In a sort of backward approach to commemorating Banned Books Week, I'm reposting one of my favorite curve balls: a 'book review' I wrote for the Santa Barbara Independent, which originally appeared on June 24, 2004.

In anticipation of our forthcoming Independence Day, I took to spelunking the political science shelves for some appropriate reviewing material. Imagine my complete lack of surprise when confronted by a wall of inflammatory volumes from both the Left and the Right, written with crystal-clear hindsight and assailing the evils of the opposite end of the political spectrum, asserting the corruption of mass media by the other party, along with the occasional Green, Anarchist, or Libertarian author insisting that every other viewpoint has it wrong.

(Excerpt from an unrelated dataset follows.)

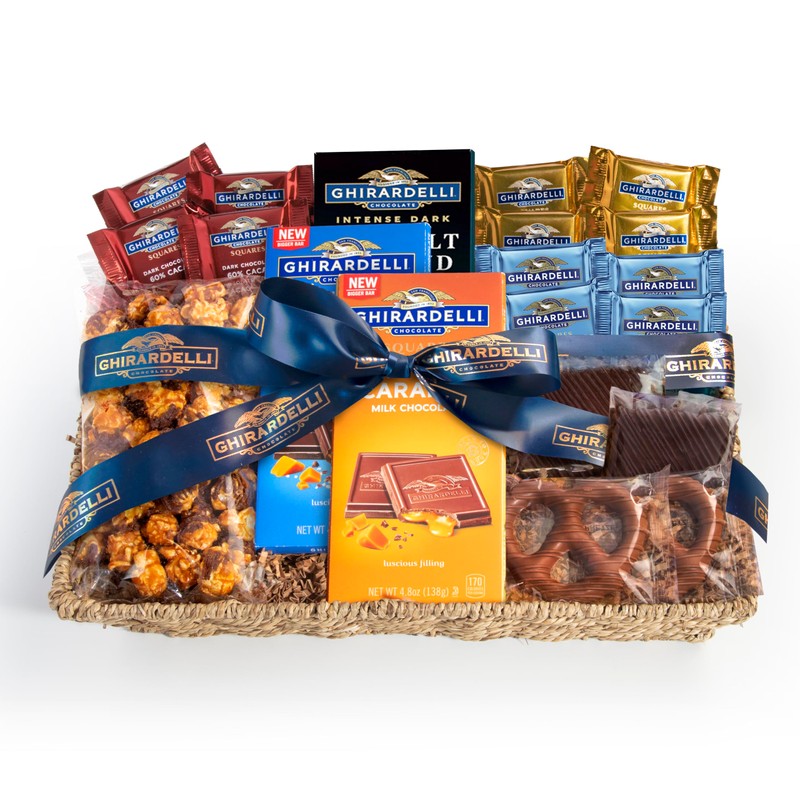 - This basket is filled with Ghirardelli classics and new favorites including three full-size chocolate bars and a dozen assorted chocolate Squares.

One of the most compelling books I did find was by far the most seditious. While not stating any party affiliation, the author pulls no punches in the opening pages by succinctly declaring the duties of a government, and the rights of the people should a government be derelict in its duty: "Whenever any Form of Government becomes destructive of these Ends, it is the Right of the People to alter or to abolish it, [italics mine] and to institute a new Government." Later in the same paragraph, he states, "It is their Right, their Duty, to throw off such Government, [again, the italics are mine] and to provide new Guards for their future Security." In our post-9/11 America, this is a title that I'm absolutely certain would have me detained (at best) by airport security were I to quote from it aloud in conversation at a check-in gate.

In The Declaration of Independence (Cato Institute Edition, paperback, 60 pages, $4.95), author Thomas Jefferson departs from the current political debate with his assertion that a change to the existing political system is not enough; rather, it is the obligation of the governed to build an entirely new system once the old one fails in its duties to the people.